**Try it**
Leave out the pictures and retype, exactly, the lines below from the line with "Villeroy & Boch" up to and including the line with "Papo Joe Grilling Supplies Waco", nothing more.

**Excerpted records**
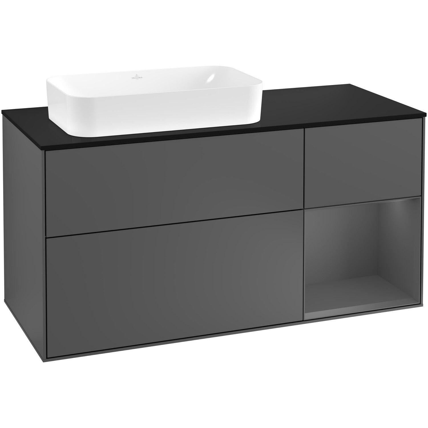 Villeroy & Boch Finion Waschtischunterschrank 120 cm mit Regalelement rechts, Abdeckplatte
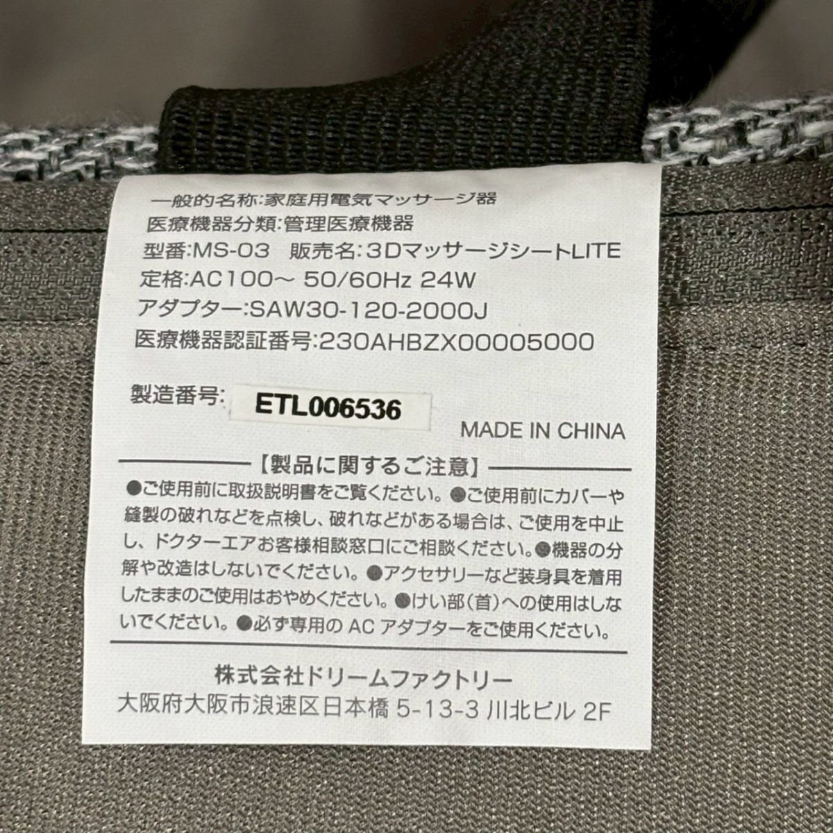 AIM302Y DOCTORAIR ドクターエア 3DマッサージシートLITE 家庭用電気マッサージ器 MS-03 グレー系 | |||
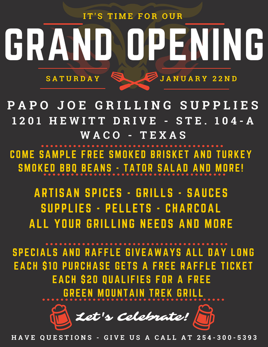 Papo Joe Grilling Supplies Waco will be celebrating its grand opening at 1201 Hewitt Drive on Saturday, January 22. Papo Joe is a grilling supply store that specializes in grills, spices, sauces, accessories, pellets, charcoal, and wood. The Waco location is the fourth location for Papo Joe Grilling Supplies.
--
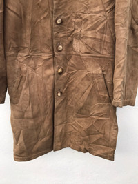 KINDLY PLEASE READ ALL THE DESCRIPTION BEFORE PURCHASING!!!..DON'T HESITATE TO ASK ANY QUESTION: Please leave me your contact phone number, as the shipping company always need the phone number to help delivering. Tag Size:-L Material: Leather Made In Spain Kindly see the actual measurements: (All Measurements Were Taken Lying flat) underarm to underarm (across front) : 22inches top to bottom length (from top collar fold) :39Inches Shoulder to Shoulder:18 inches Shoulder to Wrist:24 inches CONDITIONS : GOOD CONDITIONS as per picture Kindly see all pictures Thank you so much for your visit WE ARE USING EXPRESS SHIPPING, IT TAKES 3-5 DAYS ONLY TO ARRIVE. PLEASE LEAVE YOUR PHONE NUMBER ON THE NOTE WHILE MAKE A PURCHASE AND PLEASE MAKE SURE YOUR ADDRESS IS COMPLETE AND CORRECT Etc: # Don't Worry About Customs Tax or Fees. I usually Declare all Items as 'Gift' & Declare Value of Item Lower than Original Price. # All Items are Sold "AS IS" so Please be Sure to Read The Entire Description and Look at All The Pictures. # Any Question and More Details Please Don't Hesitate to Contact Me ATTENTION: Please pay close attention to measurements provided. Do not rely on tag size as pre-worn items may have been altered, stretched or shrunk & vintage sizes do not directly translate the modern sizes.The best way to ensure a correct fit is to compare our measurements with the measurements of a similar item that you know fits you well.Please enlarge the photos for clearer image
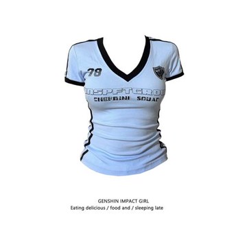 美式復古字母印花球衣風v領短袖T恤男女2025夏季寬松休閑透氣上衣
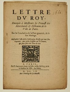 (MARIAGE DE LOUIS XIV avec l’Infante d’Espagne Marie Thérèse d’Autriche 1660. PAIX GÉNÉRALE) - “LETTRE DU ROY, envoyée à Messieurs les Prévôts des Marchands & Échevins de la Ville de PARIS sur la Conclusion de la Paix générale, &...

**Answer for this exercise**
 Villeroy & Boch Finion Waschtischunterschrank 120 cm mit Regalelement rechts, Abdeckplatte
 AIM302Y DOCTORAIR ドクターエア 3DマッサージシートLITE 家庭用電気マッサージ器 MS-03 グレー系 | |||
 Papo Joe Grilling Supplies Waco will be celebrating its grand opening at 1201 Hewitt Drive on Saturday, January 22. Papo Joe is a grilling supply store that specializes in grills, spices, sauces, accessories, pellets, charcoal, and wood. The Waco location is the fourth location for Papo Joe Grilling Supplies.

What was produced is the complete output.